Approachable: all polish fields translated to English
Responsible: minimize the load on the API server
- implemented caching
Simple: easy to use and customize:
- object-oriented design
- use of data transfer objects
- type hinting
- convert adequate fields from strings to the more suitable types
Lightweight: minimal usage of the third-party packages

The list is quite general but I guess it is fine for illustrative purposes. The post will be rather concise. I just want to quickly show you the whole work process.

Let’s get to work!

pywarsaw

Dependencies

Let’s start the project with poetry new pywarsaw command. It will create the basic directory structure.

Now add the external packages that will be used in the library.

poetry add "attrs>=22.2.0" aiohttp aiohttp-client-cache aiosqlite

The development dependencies should be also added:

poetry add pytest aioresponses pytest-asyncio Sphinx spinx-rtd-theme

The purpose of every package will be described in further sections.

DTOs

A data transfer object is a structure mostly used for carrying data between processes. A DTO provides easy serialization, validation, readability, etc. Python has built-in DTOs - data classes. I use the external package - attrs because I know it well and it provides the converters feature, which I really appreciate. It helps with converting types in a compatible with static type checkers way.

The first DTO I would like to create is a parent class. It has 4 methods for converting an object to other popular structures:

@define
class DTO:
    """Parent class for all DTOs"""

    def to_dict(self) -> dict:
        """Convert object to a dictionary"""
        return asdict(self)

    def to_flat_dict(self) -> dict:
        """Convert object to a flat dictionary"""
        d = asdict(self)
        return flat_dict(d)

    def to_tuple(self) -> tuple:
        """Convert object to a tuple"""
        return astuple(self)

    def to_json(self) -> str:
        """Convert object to a json string"""
        return JSONEncoder().encode(self)

The custom JSON encoder that can deal with DTOs and datetime objects is defined like this:

class JSONEncoder(json.JSONEncoder):
    """Custom json encoder to deal with dates, times and DTOs"""

    def default(self, obj):
        if isinstance(obj, (datetime.date, datetime.time)):
            return obj.isoformat()
        elif isinstance(obj, DTO):
            return obj.to_dict()
        return json.JSONEncoder.default(self, obj)
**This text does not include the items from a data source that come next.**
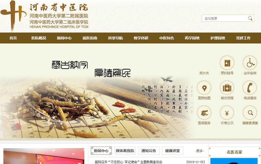 河南省中医院(河南中医药大学第二附属医院)始建于1985年,是一所集医疗、教学、科研、预防、保健、康复为一体的现代化综合性三级甲等中医院;是省医保、市医保(含离休)、铁路医保(含离休)、省离休、城乡居民医保(原新农合)、省工伤医疗保险定点医疗机构,是河南省内异地就医、全国跨省异地就医首批试点医疗机构;为国家中医临床研究基地建设单位、全国首批中医全科医师培训基地、全国中医药适宜技术推广基地、全国中医药传承创新工程项目建设单位、国家区域中医(专科)诊疗中心建设单位、河南省中医(专科)诊疗中心建设单位。医院现有职工2400余人,其中享受国务院特殊津贴专家、全国名中医、全国名老中医学术经验继承工作指导老师、河南省省管专家、河南省名中医、博士生导师及硕士生导师142人,正副主任医师264人;担任省级学会任职副主任委员以上及国家级学会任职常务委员以上共150人次。经过三十多年的建设发展,目前医院已形成“一个院本部,两个分院区,三个门诊部”的发展格局。院本部位于郑州市东风路,是郑州市北区最大的综合性医院;两个分院区,即高新区院区(河南省中西医结合肿瘤医院)和迎宾路院区;三个门诊部,即21世纪社区门诊部、富士康门诊部和城东路门诊部。医院开放床位2000张,临床医技科室设置齐全,有急诊、ICU、内、外、妇、儿、骨伤、五官、针灸科、推拿科、皮肤科、名医堂、治未病科等60余个临床医技科室。医院诊疗设备精良,拥有3.0T核磁共振、宝石CT、大型C臂、DR、全自动生化流水线、全数字化乳腺机、四维彩超等高、精、尖诊疗设备,能满足现代检查治疗的需要。医院重视内涵建设,着力提高专科诊疗水平,拥有国家临床重点专科5个,国家中医药管理局重点专科10个,国家中医药管理局重点研究室1个,国医大师唐祖宣工作室、全国名老中医药专家传承工作室9个。大力提升急诊、外科诊疗能力,在中西医结合治疗大病、急危重症方面已形成独特优势,截至2019年,急救创伤中心已连续6年荣获郑州市先进急救站荣誉称号。医院突出中医药优势,设立名医堂、名医工作室,发挥全国名中医、全国名老中医学术经验继承工作指导老师、河南省名中医的优势,开展名医传承工作;成立治未病科,集养生保健、康复、治疗为一体,开展中医体质辨识和中医体检评估,形成完善的中医药预防健康服务体系。各临床科室设立中医综合治疗室,门诊设立中医综合治疗区,广泛应用中医医疗技术。医院高度重视中药饮片质量工作,通过严格的制度保障患者用上高质量中药饮片。医院还成立了“精品中药房”,选用优质道地药材规范炮制,饮片质量上乘。医院坚持科技兴院,承担国家级、省部级科研课题,以科研促临床。近5年来科研立项426项;近三年来,承担省部级以上科研项目80项,其中国家自然科学基金16项;发表论文3000余篇,其中SCI收录论文80篇;出版著作350部;发明专利55项,成果88项,其中省部级成果16项。作为河南中医药大学临床教学医院,每年承担3000余名本科生、研究生的临床教学任务。设置有中医学、中医学(全科医师方向)、中医专升本、中医养生学和医学影像技术专业等,其中中医专业为教育部高等学校特色专业、专业综合改革试点专业。有1个博士学位授予点、10个硕士学位授予点、1个河南省博士后研发基地;有16个学科,其中国家中医药管理局重点学科5个,河南省第八批重点学科8个。医院坚持“以医疗为中心,教学科研为两翼”的发展思路,树立“诚信•爱”核心发展理念,遵循“一切为了病人”的办院宗旨,秉承“承古纳今,厚德为民”的院训,以精益求精的技术,严格高效的管理,给患者提供优质、高效、便捷、安全的医疗服务。医院先后荣获“省级文明单位标兵”“爱婴医院”“全国医学教育系统卫生文化建设先进单位”“河南省医院行风建设先进单位”“河南省人民满意医院”“河南省卫生系统新闻宣传先进单位”“河南省中医药文化建设先进单位”“河南省中医药科普工作先进单位”郑州市“五一劳动奖状”等荣誉称号。
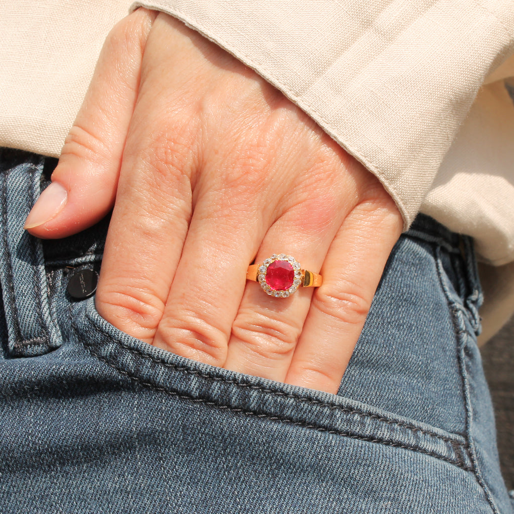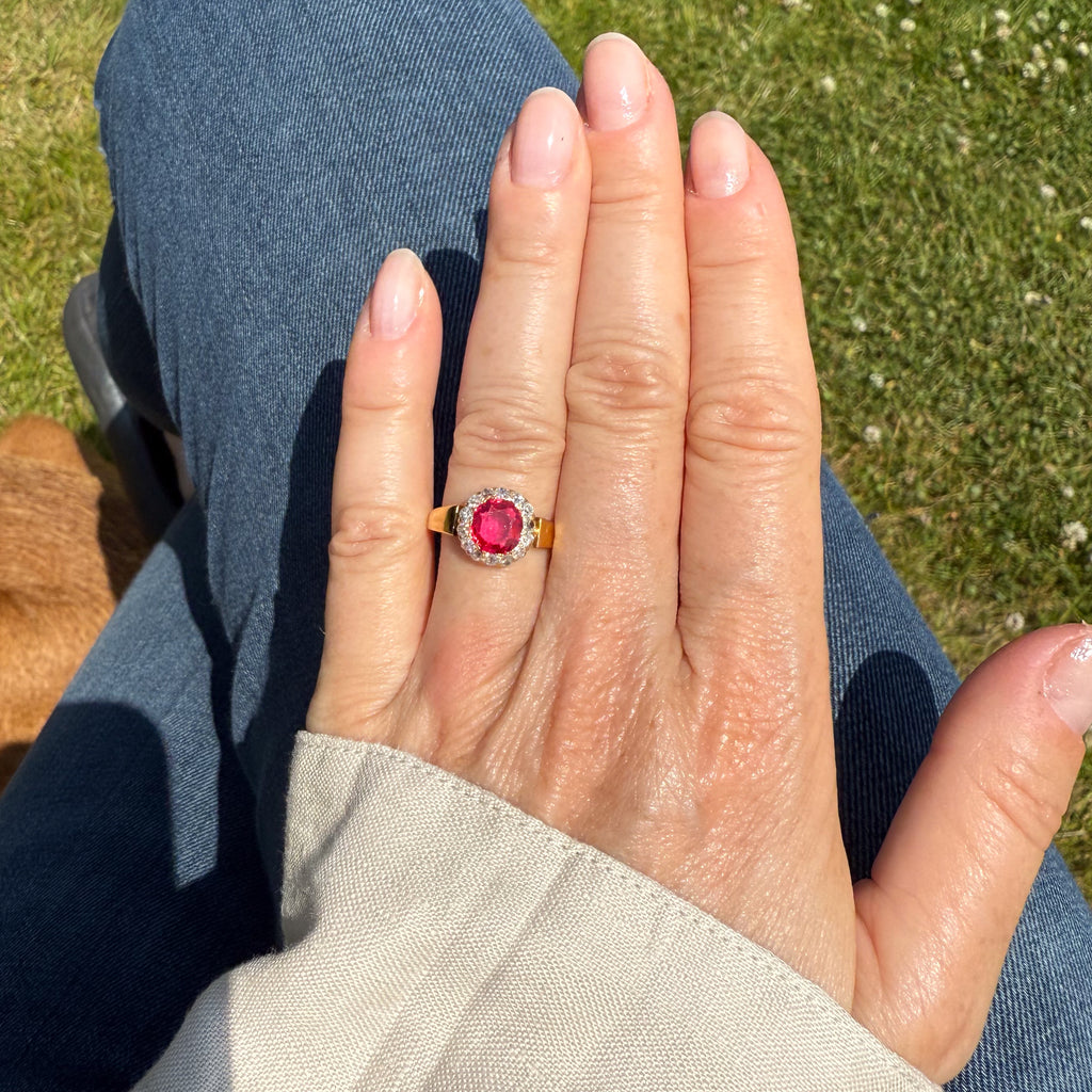 An exceptional Victorian spinel ring. The brigh and amazingly vibrant red spinel - certified as natural, unheated and originating from Myanmar (Burma) - is set within a surround of fourteen old mine cut diamonds in a finely pierced coronet setting crafted in high karat yellow gold. On a wide, reverse tapering, flat, gold shank.
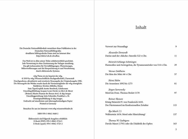 Vorwort zur Neuauflage 9 Alexander Demandt Darius und der »falsche« Smerdis 522 v. Chr. 11 Heinrich Schlange-Schöningen Harmodios und Aristogeiton, die Tyrannenmorder von 514 v. Chr. 29 Werner Dahlheim Die Iden des Marz 44 v. Chr. 57 Heinz Halm Die Assassinen 1092 bis 1273 81 Jürgen Sarnowsky Mord im Dom. Thomas Becket 1170 97 Reimer Hansen Konig Heinrich IV. von Frankreich 1610. Der Furstenmord im Konfessionellen Zeitalter 115 Ilja Mieck ( ) Wallenstein 1634. Mord oder Hinrichtung? 137 Thomas W. Gaehtgens Davids Marat (1793) oder die Dialektik des Opfers 163 Hagen Schulze ( ) Sand, Kotzebue und das Blut des Verraters (1819) 199 Ekkehart Krippendorff ( ) Abraham Lincoln 1865 (mit Reflexion zu Itzhak Rabin, 4. November 1995) 221 Hans-Joachim Torke ( ) Die Narodniki und Zar Alexander II. (1881). Ein Vorspiel zur Revolution 243 Barbara Demandt Das Attentat auf Kaiserin Elisabeth von Osterreich am 10. September 1898 261 Bernd Sösemann Die Bereitschaft zum Krieg: Sarajevo 1914 293 Martin Sabrow Mord und Mythos. Das Komplott gegen Walther Rathenau 1922 325 Sven Felix Kellerhoff Schusse am Ballhausplatz. Der Putsch gegen Osterreichs Kanzler Dollfus 1934 355 Peter Steinbach Der 20. Juli 1944 375 Jürgen Lütt ( ) »The Light has Gone out of our Lives«. Die Ermordung Mahatma Gandhis am 30. Januar 1948 411 Knud Krakau John F. Kennedy: 22. November 1963 429 Armin Fuhrer Viele Spuren ins Nichts: Ali Aca und das Attentat auf Papst Johannes Paul II. 455 Friedemann Büttner ( ) Anwar el-Sadat 1981. Die »Beseitigung des ungerechten Pharao« 471 Sven Felix Kellerhof Ein Anschlag verandert die Welt. Angriff auf Amerika: Protokoll des 11. September 2001 491 Alexander Demandt Das Attentat als Ereignis 511
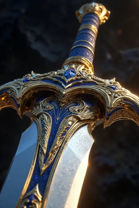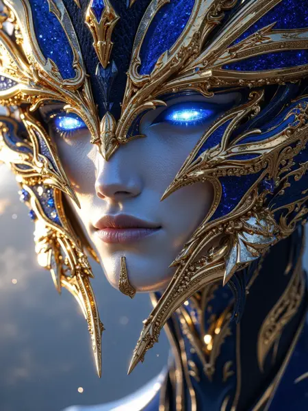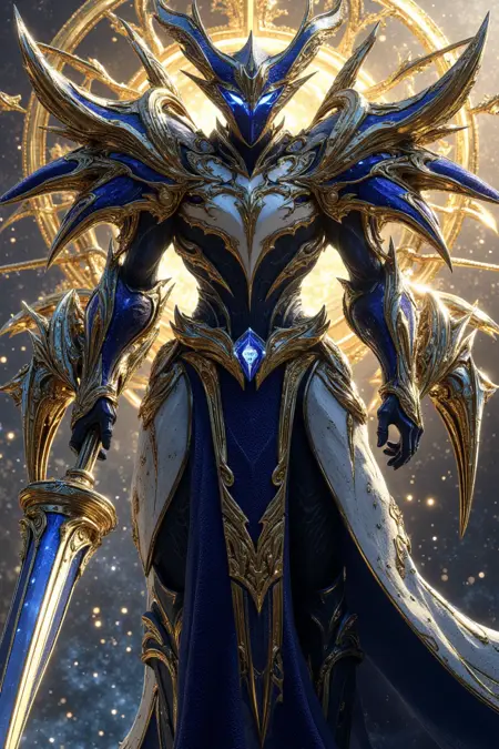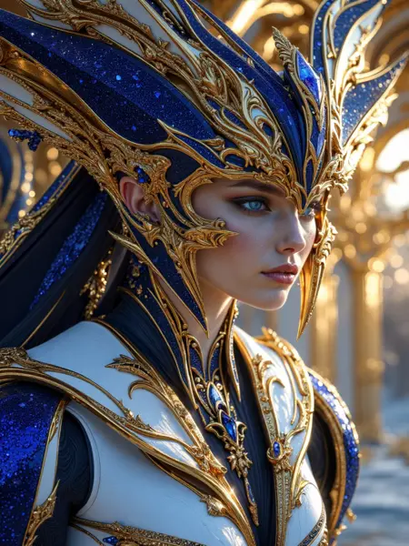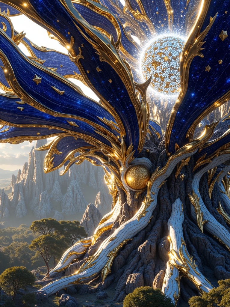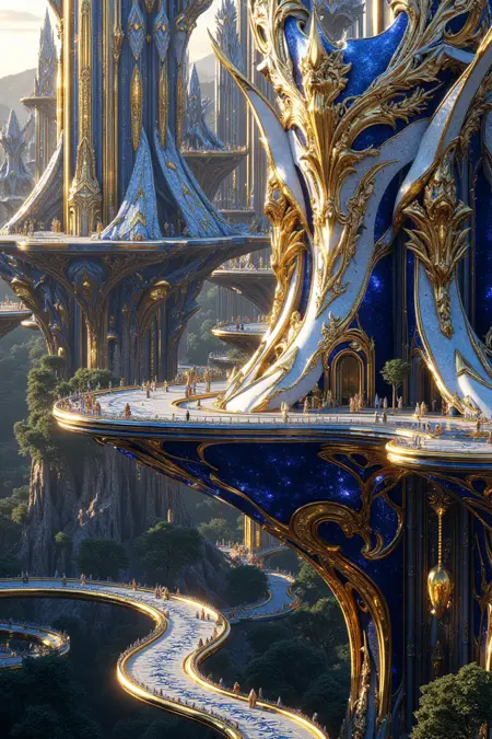 装飾的な金のキャラクター、建築物、木など、攻撃的な宇宙的な青色の突起が際立つ
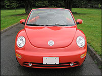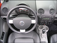 glad that for the 2005 model year, VW got their musical act together and put a CD player in as a standard feature. Now I can finally let the fact go that the previous model year came with a tape player for $37,000! I promise, this is the last anyone will ever hear about that beef. But on the down side, the system wasn't all that great. I found that the right-hand speakers rattled when the bass was any higher than level 2. This is quite unfortunate because when I'm driving a hot car, on a hot day, around hot guys (sorry gentlemen) with the top down, the last thing I want to do is embarrass myself by blasting hot tunes on a not so hot, rattling stereo system. On the bright side, I didn't hear the rattling when I was driving on the highway because the wind drowned it out. I guess you can't win them all. Generally, I didn't have a problem with staying warm when the top was down. It's May and the West Coast weather is mild and warming up day by day. Although, when night time came, it became chilly. Even with the standard leather seating surfaces with some of the best butt warmers in the industry, I was still cold. But for those who know me, I don't have the best circulation and am frequently chilled.
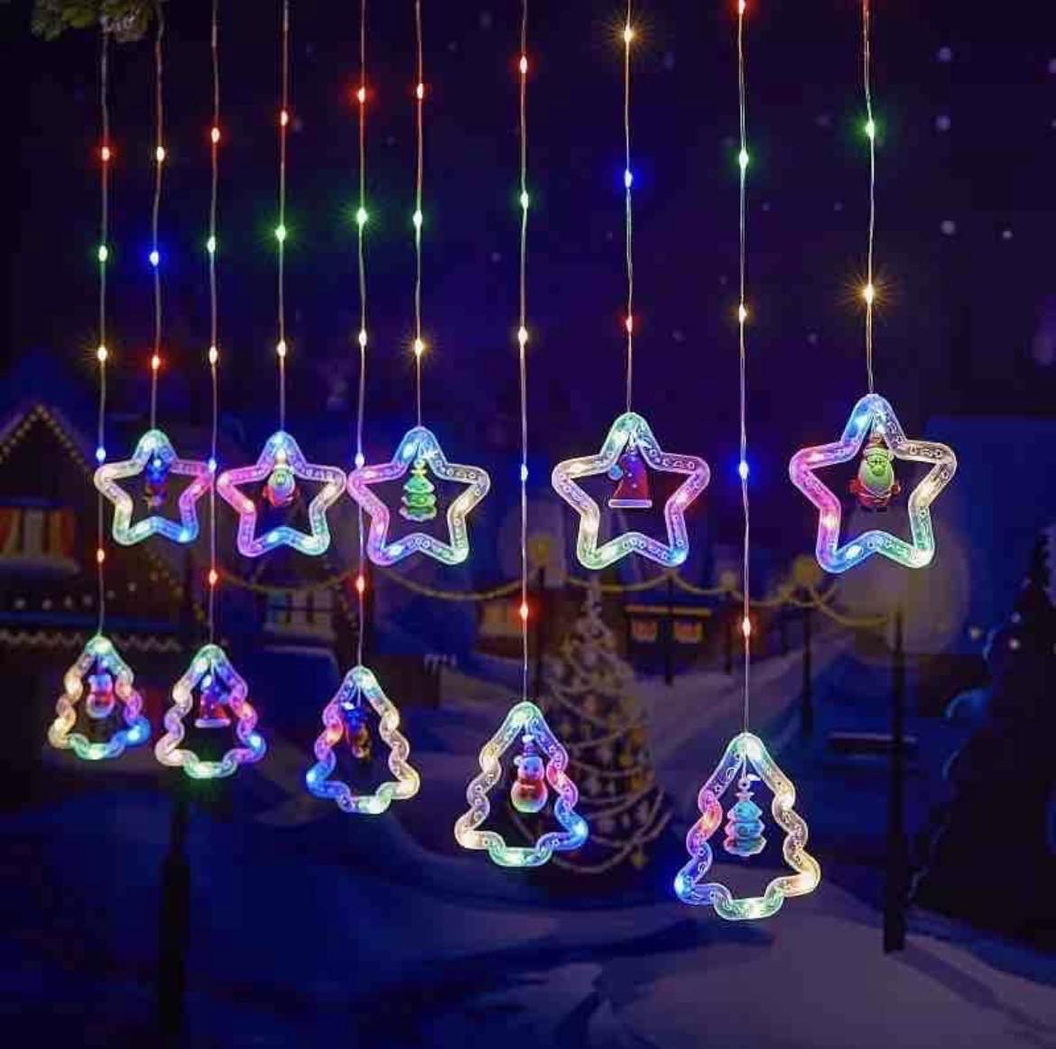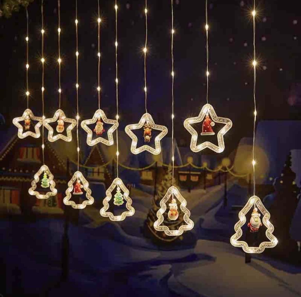A fényfüzér 3 méter hosszú és 8 programlehetőséget tartalmaz. A figurák lógási hossza váltakozó, 50-70 cm.

The function used to flat the dictionary is created this way:

def flat_dict(d, parent_key="", sep="_", index=None):
    items = []
    for k, v in d.items():
        new_key = parent_key + sep + k if parent_key else k
        if index is not None:
            new_key = "{}_{}".format(new_key, index)
        if isinstance(v, dict):
            items.extend(flat_dict(v, new_key, sep=sep).items())
        elif isinstance(v, list):
            for i, item in enumerate(v):
                if isinstance(item, dict):
                    items.extend(flat_dict(item, new_key, sep=sep, index=i).items())
                else:
                    items.append((new_key, item))
        else:
            items.append((new_key, v))
    return dict(items)

Now let’s take a look at an example target object.

@define
class CycleStation(DTO):
    """The bicycle station.
    The following information is available:
        * racks: count of the racks
        * update_date: date of the data update
        * object_id: id of the object
        * location: location
        * bikes: count of the bikes
        * station_number: station number
    """

    racks: int = field(converter=int)
    update_date: datetime.datetime = field(converter=to_datetime_with_12)
    object_id: str
    location: str
    bikes: int = field(converter=int)
    station_number: str

As you can see it has converters. Basic types like int or float have built-in converters. More complicated ones can be created manually, for example:

def to_datetime_with_12(f: str) -> datetime.datetime:
    return datetime.datetime.strptime(f, "%d-%b-%y %H.%M.%S.%f %p") if f else f

It casts a string with microseconds and AM/PM to a datetime object.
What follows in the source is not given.